Face à une situation internationale révoltante et des conditions sociales souvent misérables, le discours déformé des groupes djihadistes sont tentants.
Combattre ces groupes devrait passer par trois choses. Une lutte contre le racisme, pour enfin appliquer les belles paroles d’égalité prononcées si souvent. Un réinvestissement public dans les secteurs sociaux plutôt qu’une austérité barbare et impopulaire comme appliquée actuellement. Une politique internationale cohérente, qui refuse la collaboration avec les pays qui financent ces groupes, et un arrêt des opérations impérialistes militaires comme économiques.
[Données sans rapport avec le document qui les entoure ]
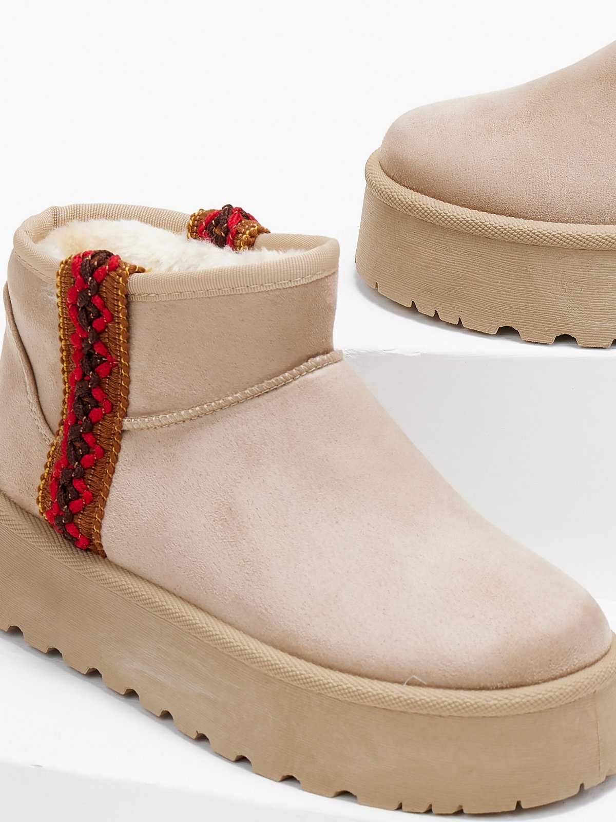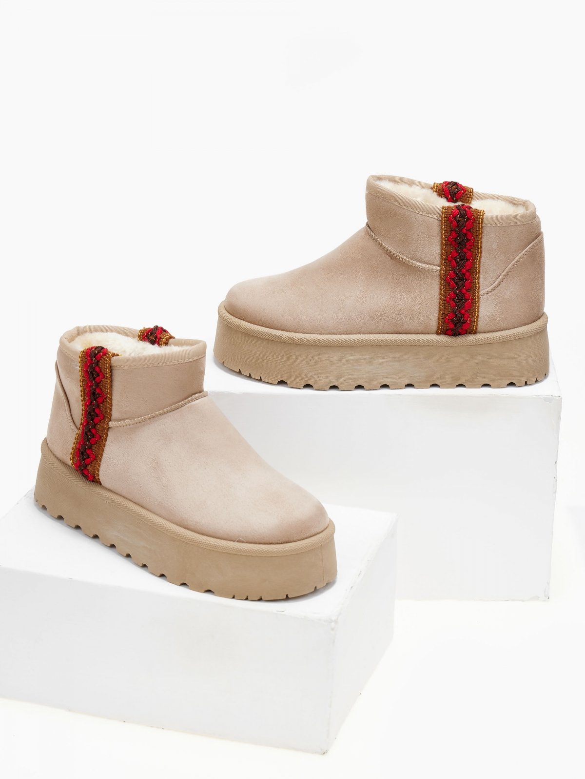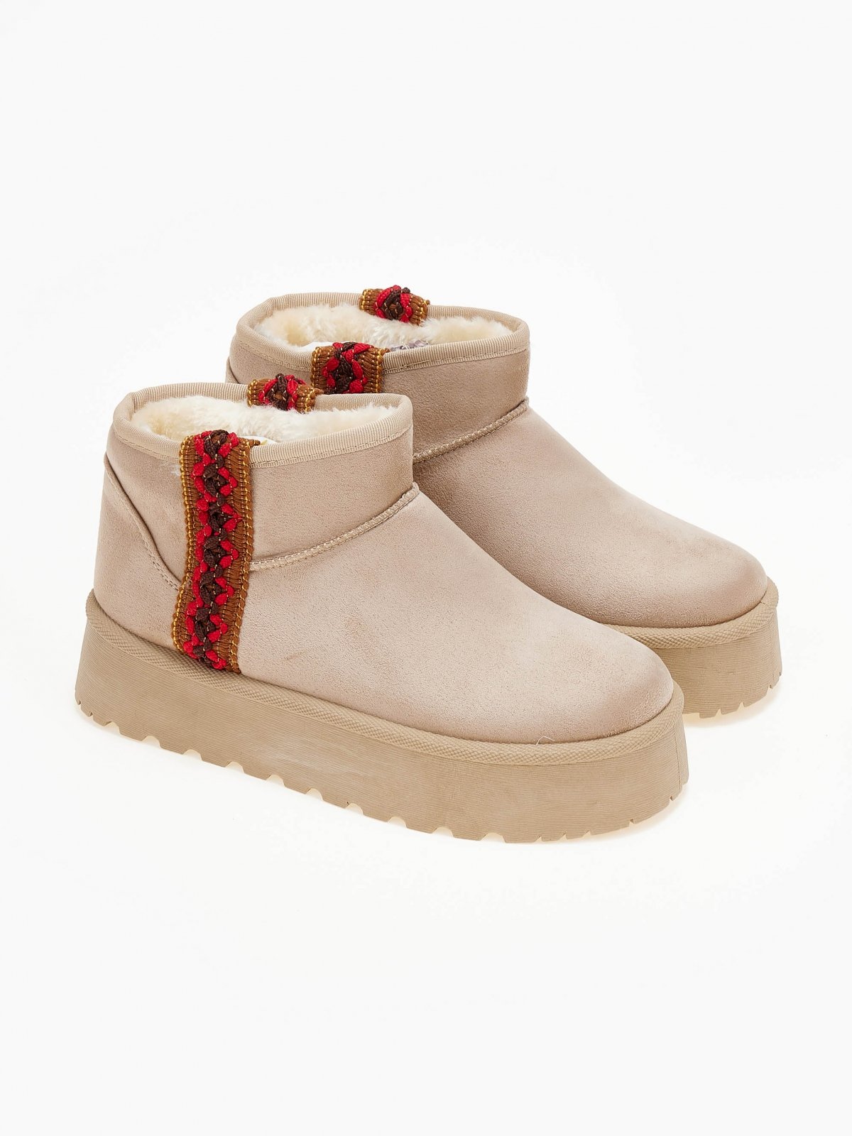 Μποτάκια κοντά σουέντ με ψηλή σόλα. επένδυση από συνθετική γούνα. Σχέδιο τρέσα με boho σχέδιο στην εξωτερική τους πλευρά.

Pour les masses de pauvres des pays du Moyen Orient et d’Afrique du Nord comme de l’Occident, les injustices et les oppressions de ce monde sont indéniables. La seule idéologie que les jeunes musulmans voient comme une alternative est l’islamisme radical. Or, il fut un temps où les espoirs pour une société meilleure s’incarnaient différemment. Avec toutes les critiques que l’on peut (et doit !) faire envers les grands Partis Communistes qui existaient par le passé (et qui ont d’ailleurs perdu leur position essentiellement suite à leurs erreurs politiques), il est indéniable que ceux-ci étaient vus comme l’outil privilégié pour lutter contre les injustices et les inégalités. Analyser pourquoi ceux-ci ont échoué est nécessaire. Mais pour combattre les partisans de la haine, que ce soient des néonazis norvégiens ou des terroristes islamistes, il est nécessaire de reconstruire un mouvement large, démocratique et populaire qui permet de lutter pour une société différente. Faillir à cette mission, c’est laisser la voie aux pires régimes de terreur.
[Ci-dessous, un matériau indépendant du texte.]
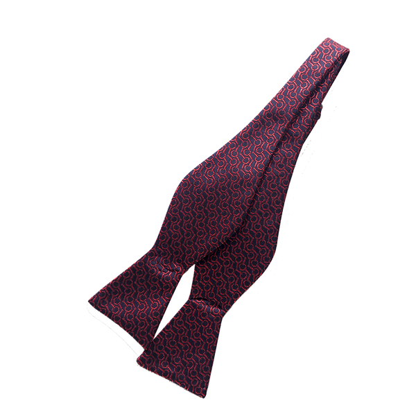 Spinning Circles Bow TieMake a statement with this eye-catching black self-tying bow tie. Adorned with a striking red circle pattern, it's sure to turn heads and elevate any ensemble. A must-have addition to your collection, this unique accessory brings a touch of sophistication and flair to any formal or semi-formal occasion.

C’est ce que l’Histoire nous enseigne à travers l’échec de la révolution allemande et à la victoire du nazisme qui a suivi ou aux complications du processus de révolution et de contre-révolution en Tunisie.
Avec le Parti Socialiste de Lutte et les Etudiants de Gauche Actifs, nous considérons que notre tâche, plutôt que de chercher comment mieux contrôler les citoyens et mieux exclure certains d’entre eux, doit être de reconstruire une idéologie et une société basée sur l’égalité, et non les différences ; sur la liberté plutôt que l’oppression ; et sur la justice sociale plutôt que sur les montagnes de misères causées par le capitalisme. C’est ce que nous appelons une société socialiste. Et comme le déclarait Rosa Luxembourg , il s’agit de se poser la question : socialisme, ou barbarie.